Global Positioning System (GPS) chips, the same
technology used in many new cars to help drivers
navigate unknown territory, track a cell phone’s
every movement in real time. Such technology is
marketed to parents as a tool for keeping tabs on
their children, to employers as a means of
monitoring their employees’ whereabouts, and to
young people for social networking so they can track
each other down.
Yet despite the
sales pitch, not all uses of this technology are
benevolent.
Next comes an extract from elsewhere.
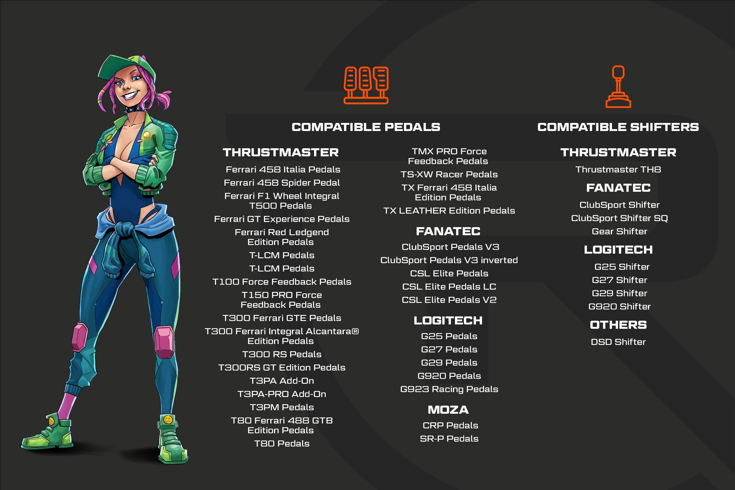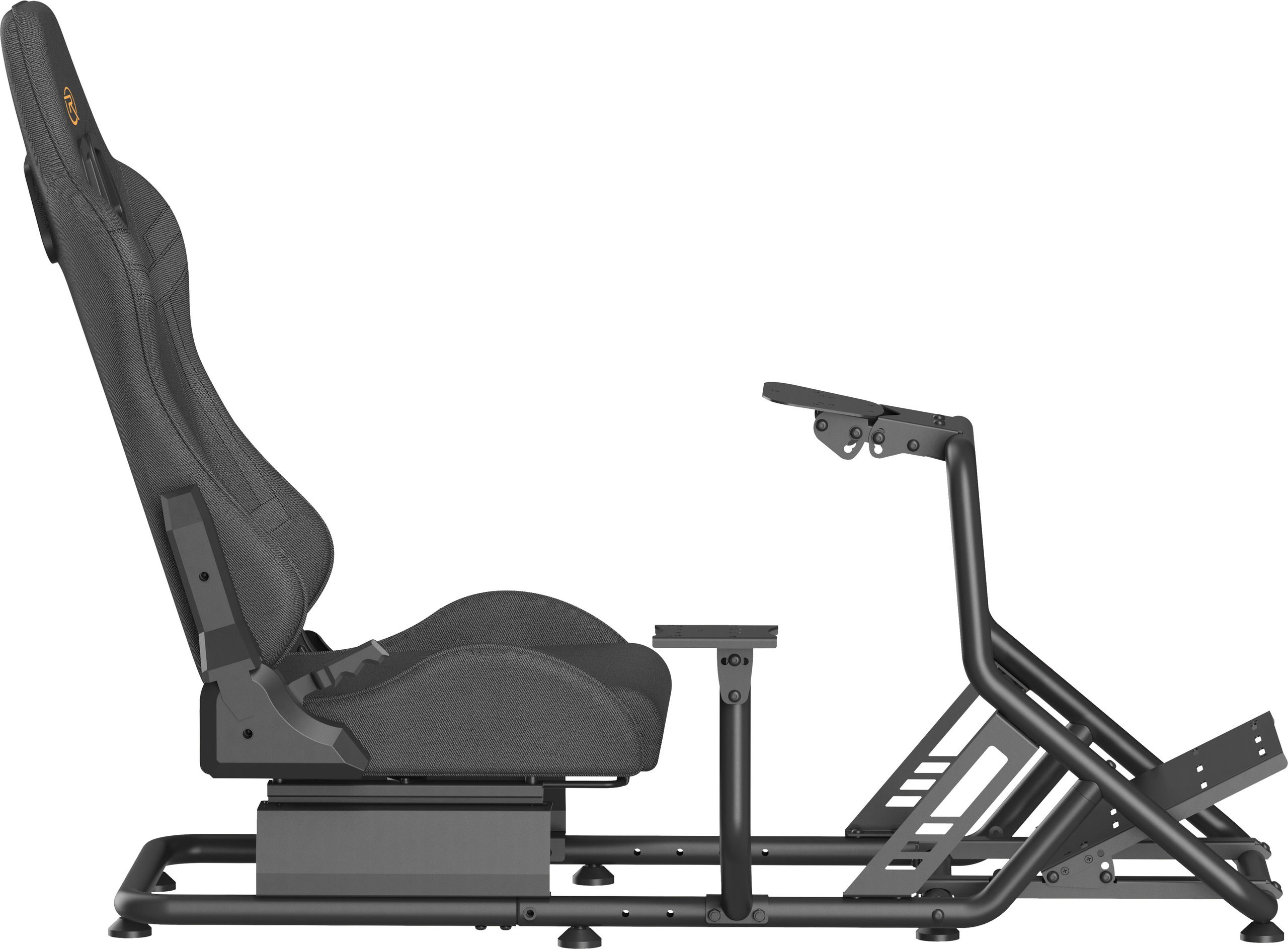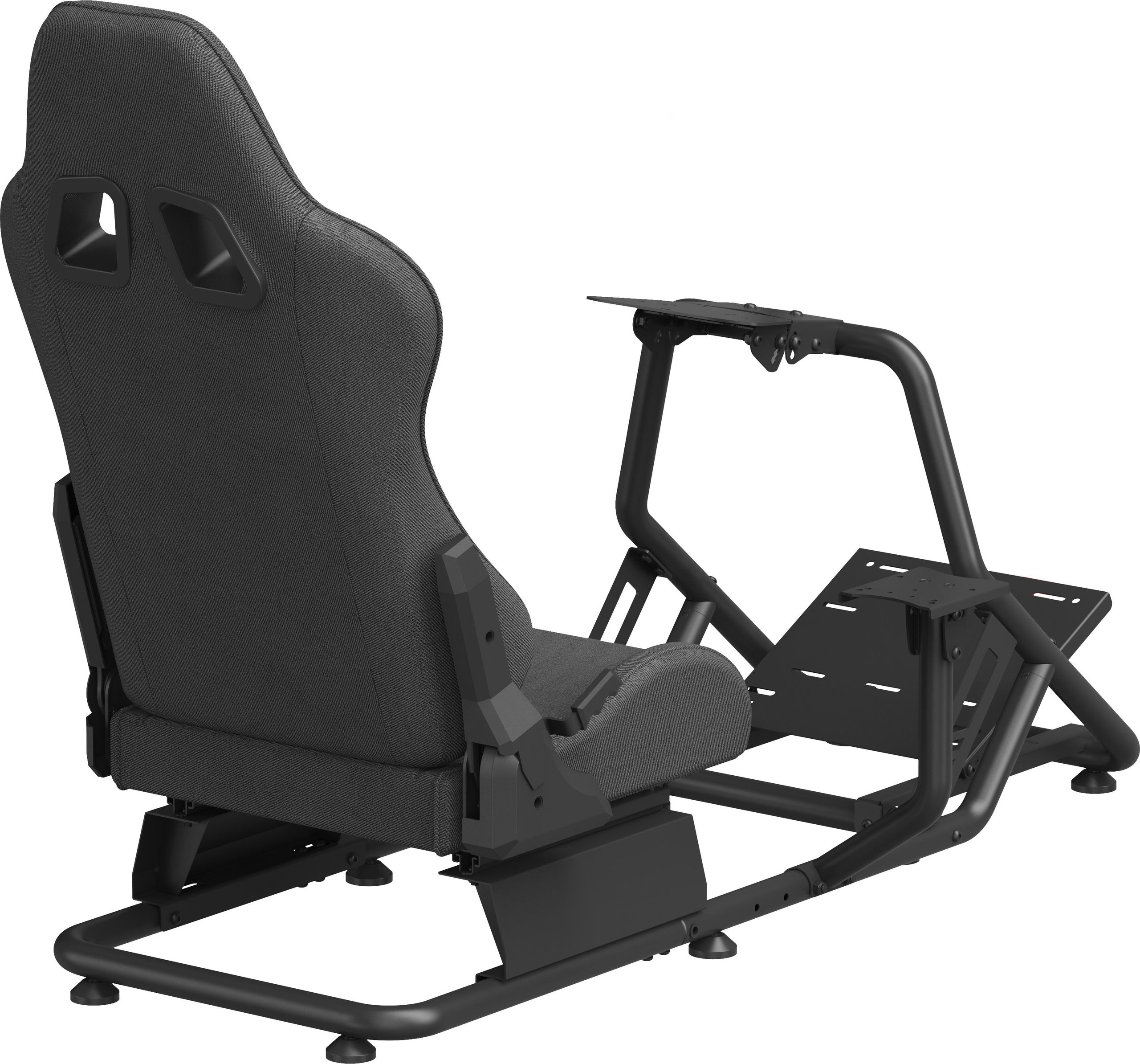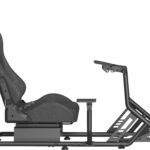 Gaming Racing Seat – ergonomic racing seat with fabric cover, load capacity 100 kg, adjustable backrest (30 to 90°), Seat shift of up to 18 cm, Adjustable pedal panel (0° / 15° / 27°) and steering wheel (+25° to -35°), The gear lever can be installed on both the right and the left, pre-drilled mounting points, steel construction, cable management system, non-slip feet, compatible with Logitech accessories, Fanatic, Thrustmaster and others

As journalist Laura Holson explains,
“If G.P.S. made it harder to get lost, new
cellphone services are now making it harder to
hide.” Although this tracking function can be
turned off in cell phones, Holson notes that
“G.P.S. service embedded in the phone means that
your whereabouts are not a complete mystery.”
Attorney Kevin
Bankston, with the Electronic Frontier Foundation,
sees this as a serious breach of privacy. “We seem
to be getting into a period where people are closely
watching each other. There are privacy risks we
haven’t begun to grapple with.” Charles S.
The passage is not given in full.